On the whole, as one might expect, Islam Hadhari as presented by the Prime Minister in our conversation — and as evidenced in his governance — appears quite benign and even constructive. Certainly, in my own travels in the Muslim world, ranging from Turkey to Jordan to east Africa, Malaysia strikes me as the most appealing from a Western perspective. With a nearly free press, an active democratic life, and a striking plurality of ethnicities and faiths (upon which we’ll be writing more shortly), it has none of the depressing and artificial ethnic uniformity of the Turkish and Arab lands, and vastly better governance than any of the African states. Though there is a long tradition of pundits and public figures getting quite wrong impressions from personal meetings with genial foreign leaders, I will go out on a limb here and state that Abdullah Badawi struck me as not merely saying the right things, but as sincerely believing and acting upon them. Though there is plenty to criticize about him and his country — see my colleague Jonathan Wynne-Jones’s report in the Daily Telegraph for one rather notable example, or this — but the gap between both and their peers is nonetheless so large that it seems, to the un-objective observer, somewhat ungracious to dwell upon it.

 

And then he made me breakfast.

 

More striking than anything the Prime Minister said in our brief exchange was his behavior afterward. The Prime Ministerial residence outside of Kuala Lumpur is quite a bit more modest than one would expect — more in the style of a well-heeled gated villa in Miami-Dade than the southeast Asian palace of my own imagination — and it is well-appointed and cozy inside, with a decor of leatherbound books, Malaysian hardwoods, and various animals that the Prime Minister, a sporting man, has killed over the years. (He is rather proud of the latter: upon taking our leave, he made sure to grab my arm, point toward a magnificent pheasant in a glass case, and say, “I shot that!”) Adjacent to his office is a sort of library and reception room, to which we media types retired upon the conclusion of our PM time. We expected to eat breakfast with Badawi’s communications man, and then retreat to the warren of concrete and causeways that is Kuala Lumpur.

 

 

Off to the side of the room was a large table upon which were arrayed many bowls of Malay spices, and, to my confusion, a large tureen of ordinary porridge. What to do? “Let me show you,” said someone behind me, and I turned to see the Prime Minister reaching for the empty bowl in my hands. “You will not regret this,” he said, “This is my breakfast — a Malay breakfast.” He scooped a large serving of porridge into my bowl, and then proceeded to add heaping servings of the adjacent spices. “Roasted garlic,” he said, and then named the rest in Malay: a potpourri of green herbs, burgundy nuts, brilliant red chilis, and more. He stopped at the chilis, and shot me a look — “Do you want these?” Yes, I said. “You should not take on too much,” he announced, and gave me the tiniest serving. Finally, he squeezed a lime over it all, handed me the bowl, and told me to mix it up.

 

I did, trying not to look dubious.
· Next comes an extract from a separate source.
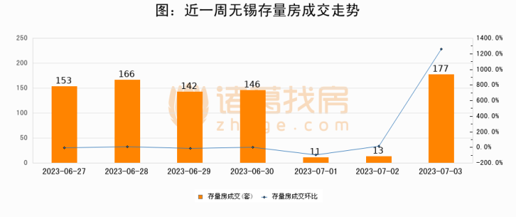 从存量房来看,2023年07月03日无锡存量房单日成交177套,比昨日增加164套,环比上涨1261.5%。从近一周存量房成交来看,无锡存量房日均成交套数为115套,07月03日单日成交177套,高于近一周平均水平53.9%。

I took a bite of the multihued, Malay-spiced porridge. It was the most delicious breakfast dish I have ever tasted. “Malay breakfast!” exclaimed the smiling Prime Minister. The rush to replicate the concoction began, and my own breakfast was delayed as I assisted several media members in creating their own Prime Ministerial porridge.

 

What’s the purpose in relating anecdotes like these? Some do it because it illustrates to others their casual closeness to the holders of power, but I like to think that Calvin would remind me that I get served breakfast by a head of state through grace rather than merit. In that light, it’s useful as a humanizing corrective to the usual media scrum that surrounds public figures. Whatever one thinks of Dato’ Seri Abdullah bin Haji Ahmad Badawi, know that as a man he is kind and approachable — and he makes a fantastic porridge.